BDTV: Because what is interesting is that you say in your Sens statement, or Remgro does, that you have no intention to take your stake above 29.9% but what is the benefit to Remgro of having a minority stake in the company, or Mediclinic at least?

DM: First of all they hold the regulatory specifications in London, on the London Stock Exchange. If you make an offer of 30% or higher, then it is seen as an offer to minorities and to do that, if you do not have all the money available specifically to buy the whole company which is a huge transaction, a lot of money, and we are quite happy with a strategic stake of 29.9%. We believe it will give us a footprint in the UK, understanding that market.

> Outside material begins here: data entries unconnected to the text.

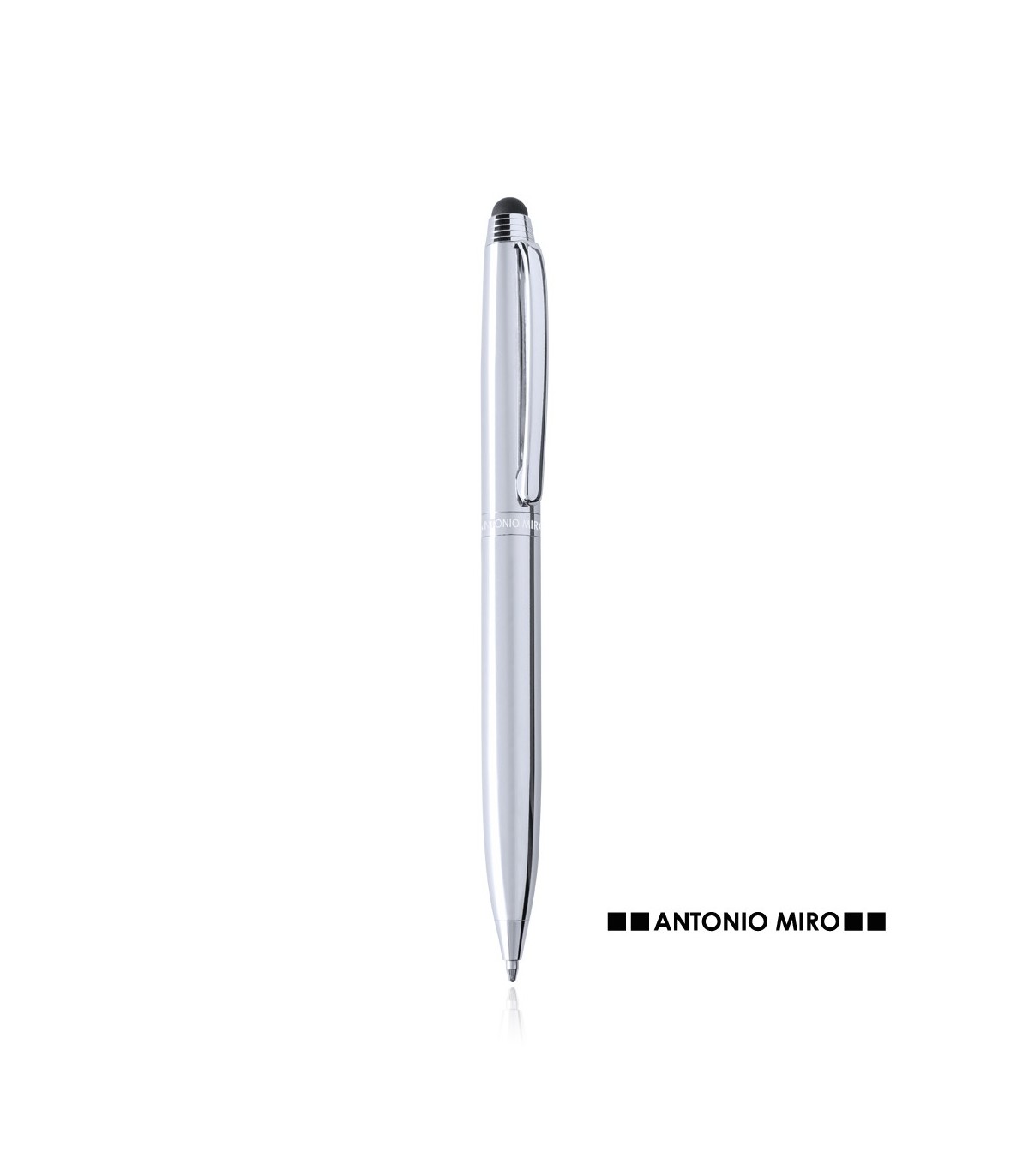 Bolígrafo puntero de Antonio Miró de mecanismo giratorio con suave cuerpo metálico, de elegante color plateado. Clip de diseño a juego. Presentado en estuche individual negro con logotipo de la marca. Tinta azul.
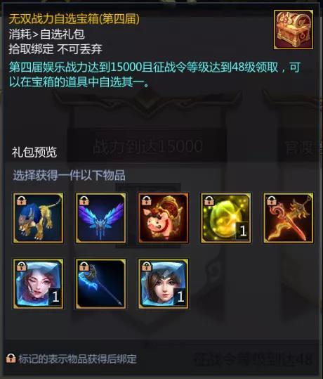 在战力奖励中获得自选宝箱中,除了第三届征战活动中包含的狂战狮王(无双/官渡)、战虎翼(无双/官渡)、珍宝猪(无双/官渡)、日月苍穹(无双/官渡),另外新增加了鬼虎劈天斧(无双/官渡)和最后一个锦衣卫系列换装【锦衣女侠】。
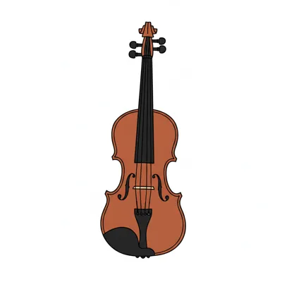 Eine einfache, braune Geige im Cartoon-Stil auf weißem Hintergrund.
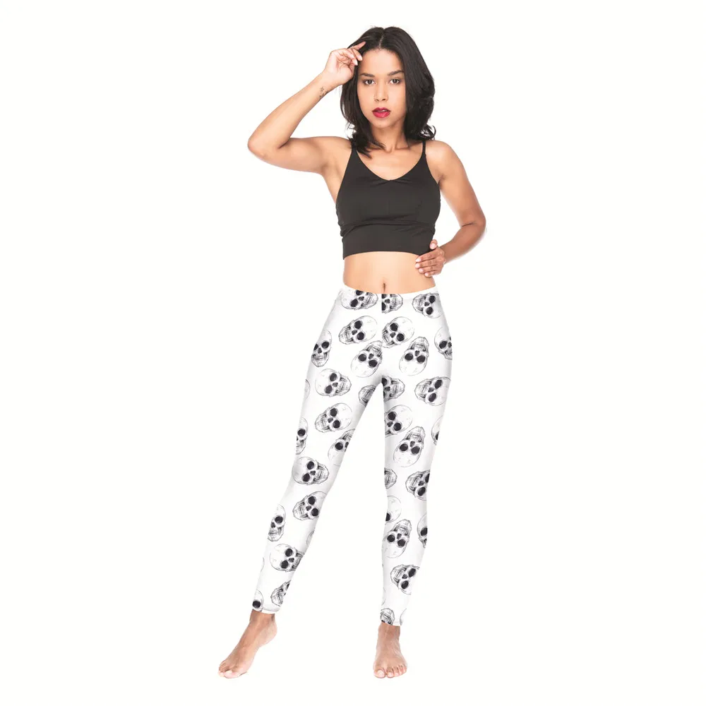 | LEIMOLIS 3D print Gothic skull white fitness push up workout leggings women plus size High Waist punk rock sexy leggins |
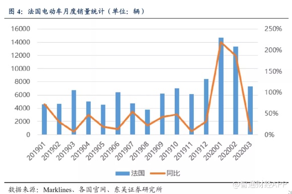 英国季末冲量,叠加补贴退坡车企抢装,3月销量大增,创新高;4月开始汽车征税改革,持续刺激电动车销量。3月电动车销1.85万辆,同环比大增+109%/+305%,单月销量创新高。主要原因:1)季度末冲量;2)英国3月宣布电动车补贴延续到2023年,但单车补贴降500至3000英镑,3月12日执行,补贴退坡抢装明显。而从4月开始,英国将按照碳排放标准WTLP征收汽车税,传统燃油车税率提高,而电动车继续实行零税率;同时4月起,英国私人用公司的电动车所需交付的福利税16%可完全减免,而燃油车的税率在16%以上,因此4月之后汽车征税改革将持续刺激电动车销量。
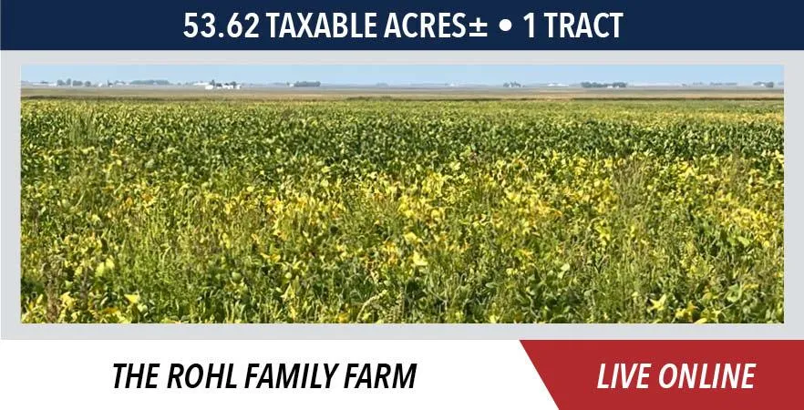 The Rohl Family Farm will be sold on a price per acre basis, based on 53.62 taxable acres.
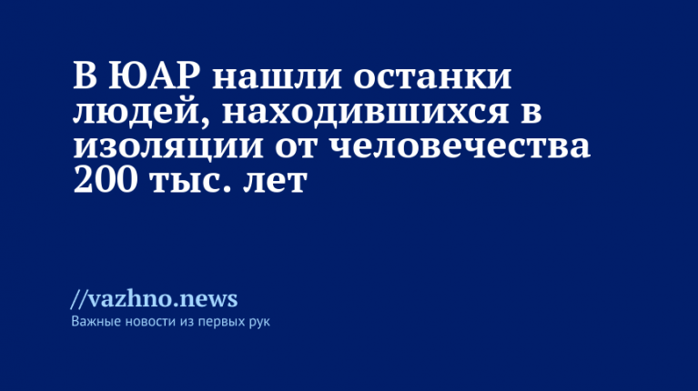 В ЮАР были обнаружены останки людей, которые, по оценкам исследователей, находились в генетической изоляции от остального человечества примерно 200 тысяч лет. Об этом 3 декабря сообщила пресс-служба университета Упсалы, ссылаясь на руководителя проекта и профессора генетики Маттиаса Якобссона из университета Упсалы.
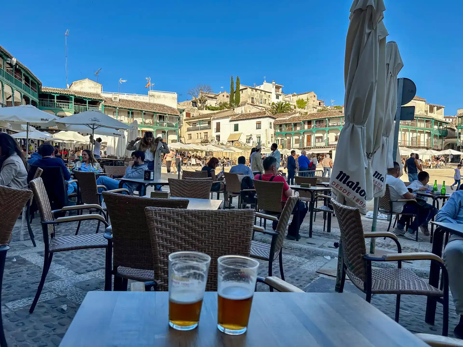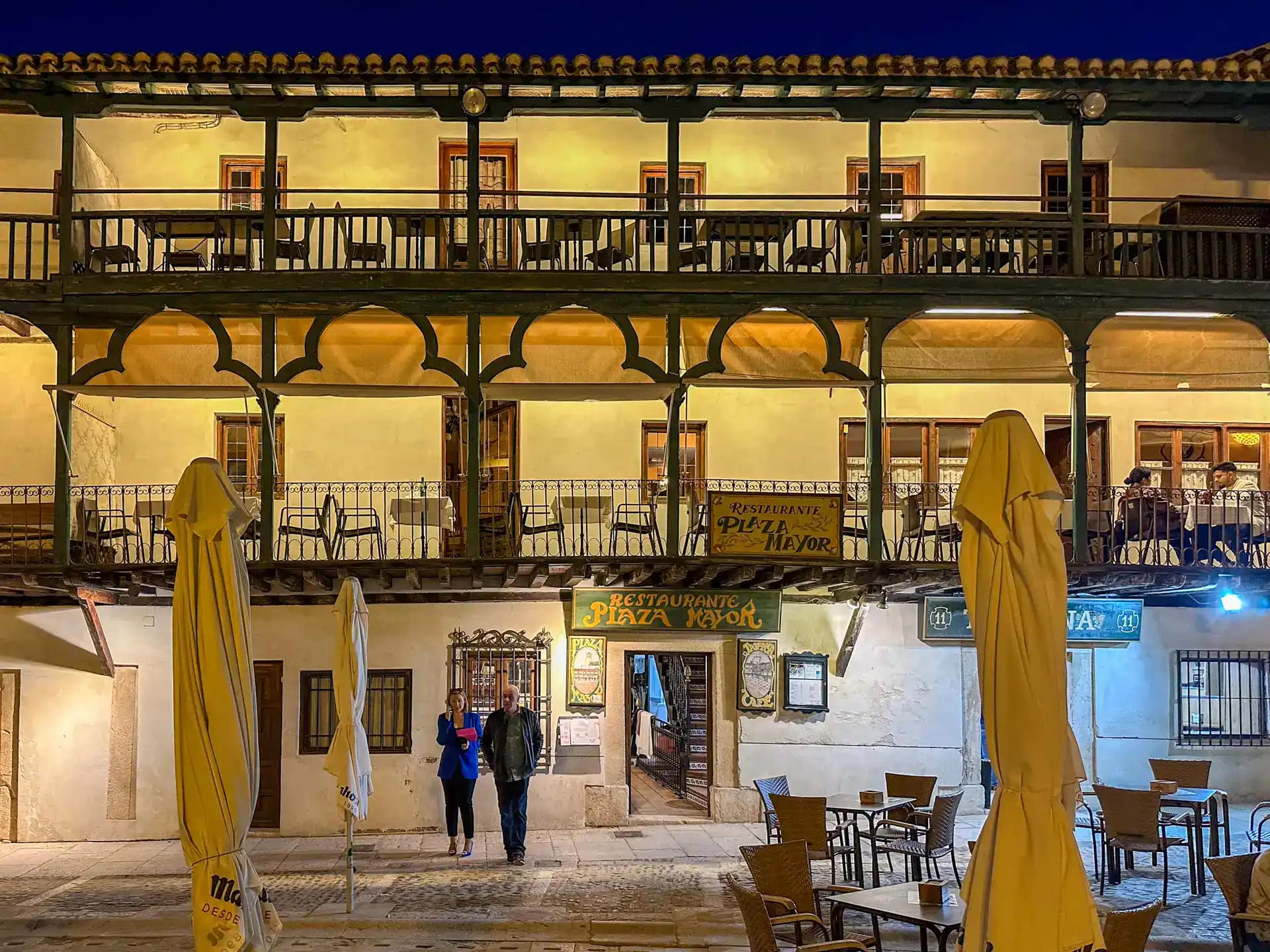 After our early evening stroll, we settled into a bar in the main square and had a couple of drinks. We were very pleased to be able to reserve a table on one of the balconies in the Restaurante Plaza Mayor. I had always fancied eating on a balcony seat with that fantastic view out over the square. When we had visited previously, the balconies were full to bursting and we thought there was no hope of getting a place. So, we were very chuffed to get a reservation and then rather surprised that we were literally the only people in the whole restaurant 🤣 The proprietor told us that it was a very much a day trip destination so the restaurants were always buzzing for the late lunch but pretty empty in the evenings. We had a very nice set menu of typical local dishes. It was even quite cheap!!! A very relaxing evening and a welcome change of location.
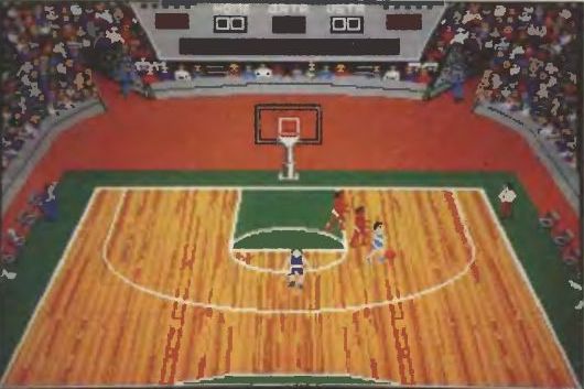 Basketball, auch Korbball genannt, ist eigentlich ein Sport der Langen, doch auf dem Computer hat das keine Bedeutung. Basketball auf dem ST kann man zu zweit oder alleine spielen. Man sieht das Spielfeld immer nur von einer Hälfte aus. Zwei Angreifer stehen zwei Abwehrenden gegenüber. Die hellere Figur steuert man mit dem Joystick, die andere wird vom Computer gesteuert. Für einen Angriff hat man nur begrenzte Zeit zur Verfügung. Man sollte nicht zuviel tribbeln und wenn man auf den Gegener aufläuft gibt es ein "Stürmerfaul". Auch der Mitspieler, der vom Computer gesteuert wird, versucht den Ball in den Korb zu spielen. Hält dieser den Ball und der Spieler mit seiner Figur steht unter dem Korb, versucht er, ihn anzuspielen. Deshalb ist es sinnvoll, den zweiten Mann nicht auszuschliessen, sondern ins Spiel zu integrieren. Selbst in der Anleitung steht, daß Basketball ein Spiel ist, in welchem man nur mit 'Teamwork' ausharren kann.
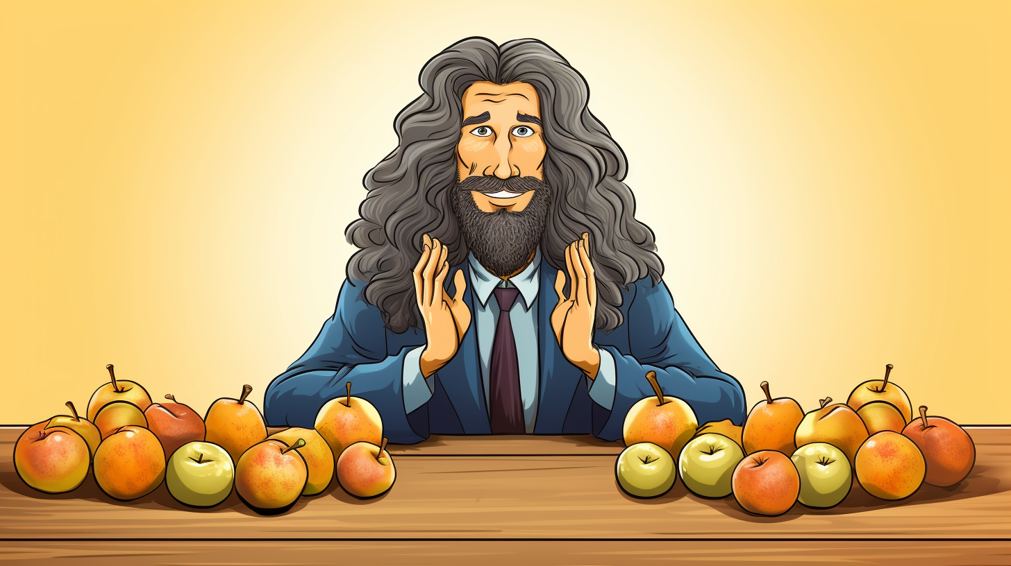 Create a comical cartoon-style image of the corporate boss, Wigss, seated at the head of a boardroom table, wearing a long-haired, flowing spiritual guru wig, and holding a piece of fruit in one hand. He should appear in a contemplative and serene pose, as if he's about to share profound wisdom. Around the table, his employees, Diggz and Waggz, should be sitting with exaggerated expressions of confusion and skepticism, rolling their eyes or exchanging knowing glances, as they react to his spiritual coaching session. The boardroom should have subtle humorous details, like posters of corporate jargon transformed into spiritual mantras on the walls. --ar 16:9
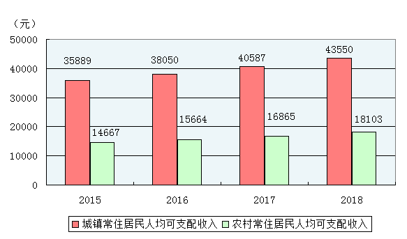 全年城镇常住居民年人均可支配收入43550元,比上年增长7.3%;年人均消费支出29928元,增长10.1%。农村常住居民年人均可支配收入18103元,比上年增长7.3%;年人均消费支出11226元,增长8.3%。
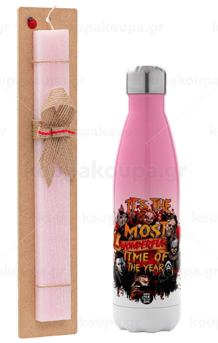 Halloween it's most wonderful time of the year, Πασχαλινή Λαμπάδα με Μεταλλικό παγούρι θερμός Ροζ/Λευκό (Stainless steel), διπλού τοιχώματος, 500ml & κερί αρωματικό πλακέ (30cm) (ΡΟΖ)
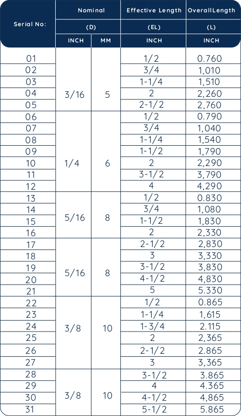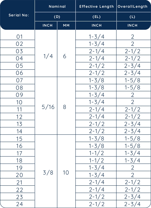 Usable Length: 2″(50MM) to 2.5″(63MM)
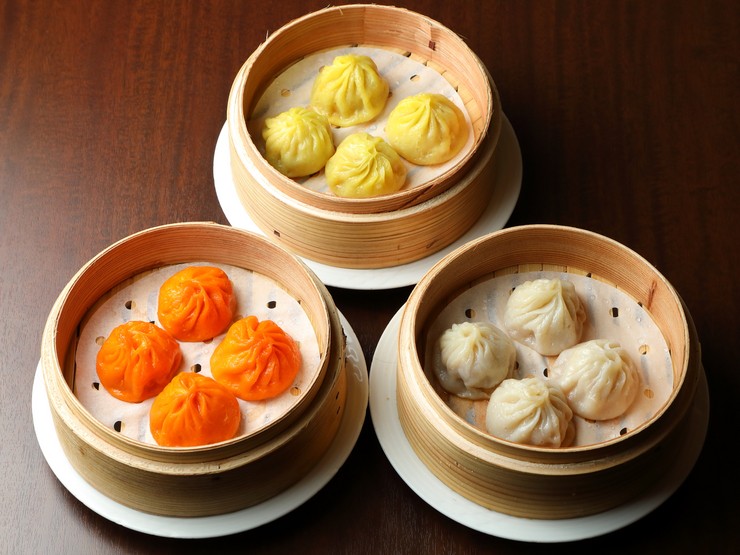 個性豊かな『特製上海小籠包(写真右下)/麻辣山椒小籠包(写真上)/上海蟹味噌小籠包(写真左下)』
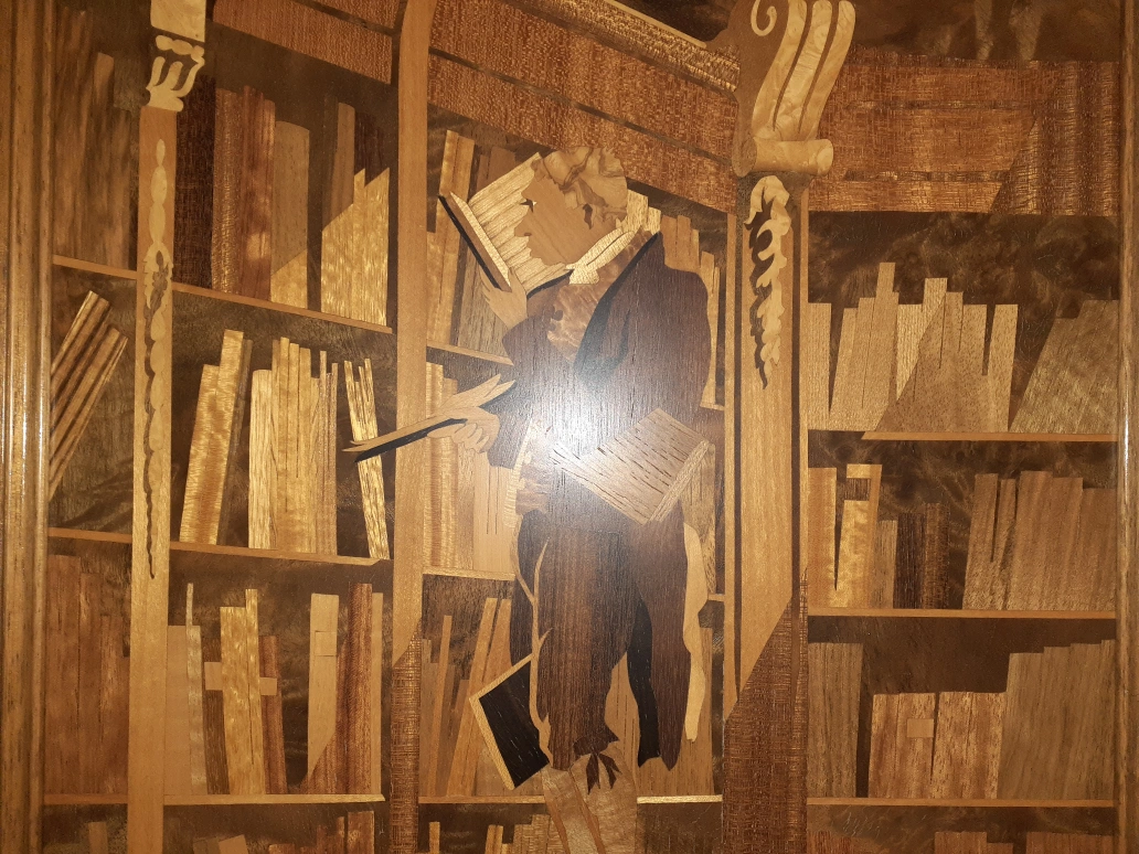 Extremely intricate marquetry composition, meticulously comprised of various shapes and types of inlaid wood.
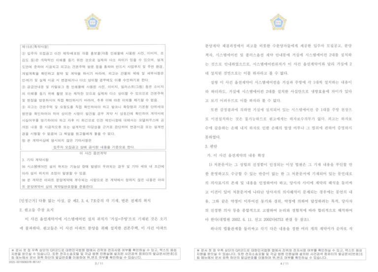 원고와 피고는 아파트 공급계약에 따라 분양계약을 체결했습니다. 이에 더해 시스템 에어컨을 옵션으로 계약한 상태였는데요, 그런데 이 옵션 계약에 관해 거실과 주방쪽 에어컨이 문제가 되어 소송에 이르게 된 것입니다.

So we’re comfortable and we said very clearly that we have no intention for now to increase the offer to the other minorities.

BDTV: Would you at some stage though, so having taken a chunky stake in it, if in the future you get the capital available to buy out the minorities in Spire, would you want to?

DM: That is not a consideration at this stage but I cannot speculate going forward forever, but at this stage, our answer is no.

BDTV: I was looking at some of Spire’s details and it came together, it seems to me, in a 2007 transaction with Bupa Healthcare. It had a lot of debt on its books and that seems to have been whittled down to about £400m-odd, but one of the mechanisms by which Spire managed to whittle down its debt was by selling its hospitals and then leasing them back, so how many of its 39 hospitals and 13 clinics does it actually own?

DM: Yes, to answer your question, before they went to the IPO they did lower their debt by selling off some of their property and at this stage they hold around 50% of the entities that they run, they hold also a property component, about 50% was sold off, but with long-term lease agreement at favourable terms and that is the position...

BDTV: So you’re not worried because there’s some concern that its rentals might increase, and that’s something that they then have no control over, not entirely owning those properties?

DM: If you have a long-term lease agreement with a lock-in, the range of your rent increase, then you have some control. So they’ve got that inflation and we’re comfortable with those figures.

BDTV: Okay, just lastly, the UK is an economy that’s clearly improving, it’s an interesting space because it’s not a massive growth area, but do you feel that it’s still a strong economy in which you would want to have a stake as you obviously have done through your deal with Spire?

DM: Yes definitely. The UK market…the population is still growing, they’re growing at around 0.8% or just under 1%, but a further driver is the ageing population…if you look at the age … If you look at operations possible today on old people that were not possible 10 years ago, technology plus the ageing population is the right sort of move in the market to drive the needs.

Further, if you take into account that the private sector accounts for a really small percentage of the healthcare spend in the UK, round 5%-6%. The NHS is still by far the dominant player and with a lack of funds and with growing demand we are at ease that there will be a bigger role for the private sector going forward.